1942 wurde der Ulmenstieg erstmals im Adressbuch der Stadt Goslar erwähnt. Zu diesem Zeitpunkt lebten dort schon neun Familien. Da kriegsbedingt aus den Jahren 1939-41 keine Unterlagen über den Ulmenstieg zu finden waren, ist anzunehmen dass die die Straße in dieser Zeit ihren Namen erhielt und die ersten Häuser hier erst nach 1949 erbaut wurden.

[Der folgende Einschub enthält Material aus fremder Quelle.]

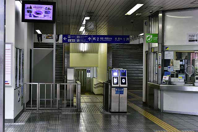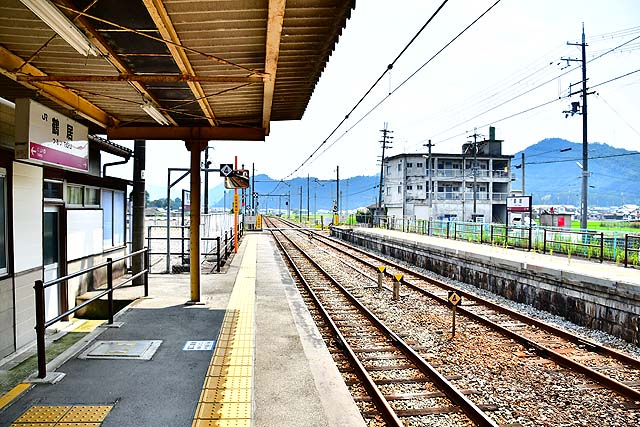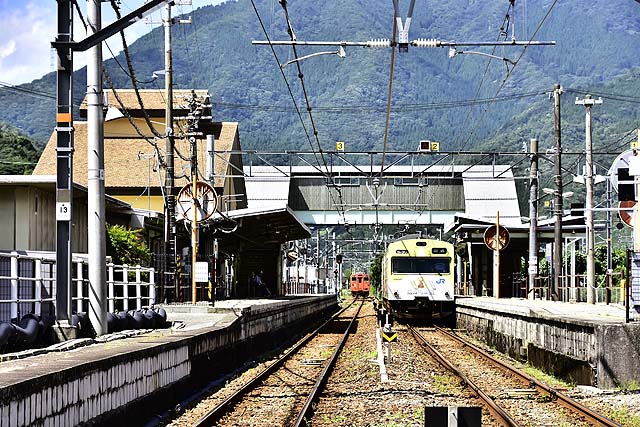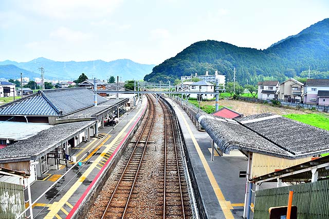 寺前を出るとローカル色が濃くなっていき、さらに市川沿いに北上していく。延々と北上していき、1面2線の長谷となる。ここもまだ大河内町内にある。長谷を出ると右に左にカーブして山間を進んでいく。生野町に入り、播但連絡道路が頭の上を通り越し、右手に生野工業団地が見えて、左にカーブして町が見えてくると2面2線の生野となる。生野銀山で有名なところだが、今はちょっとした工業の町となっている。駅の目の前に播但道の生野ICがあり、クルマが便利なところを見せつけられる。生野から先は播但道、国道312号線としばらく並行して進み、朝来町に入る。この辺りからは日本海に注ぐ円山川沿いに、播但道、国道312号線と並行して走る。山間部から少し抜け出て小さな集落が見えてくると2面2線の新井である。ここは朝来町の中心駅であるが、ここも播但道が便利で、町からは少し離れているが、朝来ICがあり姫路方面へはクルマの利用が便利である。さらに円山川に沿って進み、1面1線の青倉を過ぎると左手に播但道の和田山PAを見ながら和田山町に入る。次の竹田は2面2線で左手に竹田城跡が見え、東側には和田山病院や和田山看護学校がある。播但道がオーバークロスして、その和田山ICを見ながらさらに円山川沿いに北上し、右手に和田山高校が見えて、円山川と与布上川が合流するところで国道9号線と交差して左にカーブして、右手から山陰線が近づいてくると終点の和田山である。和田山は山陰線との接続駅で、播但線から山陰線へは豊岡方がスルーする構造になっている。2面4線の構造で播但線は1番線から発着している。
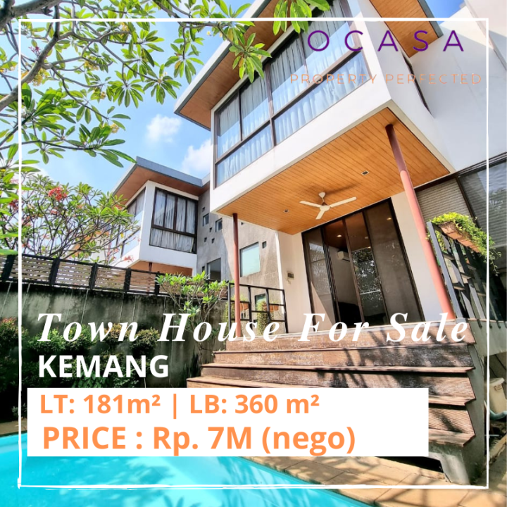 KEMANG - [FOR SALE]: DALAM TOWNHOUSE, HIGH SPEC, 3 LANTAI PLUS ROOFTOP, ADA PRIVATE POOL LOKASI RUMAH: Area sekitar: Kemang, Ampera, Jeruk Purut, Pintu Tol dan CBD Simatupang. Lingkungan Rumah: Perumahan / Hunian. Posisi unit: Badan jalan. Dalam Townhouse. KONDISI RUMAH: Tahun Bangunan: 2018 Jenis Bangunan: Secondary. Halaman: Depan, Belakang. Kondisi Bangunan: Terawat UNFURNISHED. FASILITAS RUMAH: Security 24 jam. Ada Taman. Private Pool DesJoyaux (Made in Perancis). Rooftop. Dapur Kering dan Basah TV Cable and Internet Ready SPESIFIKASI UNIT: LT: 181m | LB: 360 m KT: 4 | KM: 3 KP: 2 | KMP: 1 Lantai: 3,5 ( 3 + Rooftop) Listrik: 7700 Garasi: - Carport: 2 Hadap: Selatan SERTIPIKAT: SHM PRICE: Rp 7 M (Nego) CARA BAYAR: CASH. KPR.
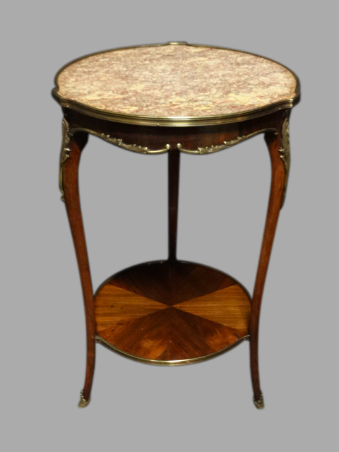 This is an excellent quality French antique kingwood table with very good marble top, brass mounts to the edges and legs, in superb original condition.

Die namensgebende Ulme ist in dieser, eher als Gasse zu bezeichnenden, Straße nicht zu finden. Sie kann 400 Jahre alt werden, 40 Meter hoch und wird auch Rüster und Ulrich genannt. Ob eine Verbindung zwischen dem Männernamen und dem Baumnamen besteht? Das heraus zu finden, überlassen wir dem Leser. Bei „Wickie und die starken Männer“ trägt einer den Namen Ulme. Ob Ulme ein nordischer Name ist, wäre die nächste Frage.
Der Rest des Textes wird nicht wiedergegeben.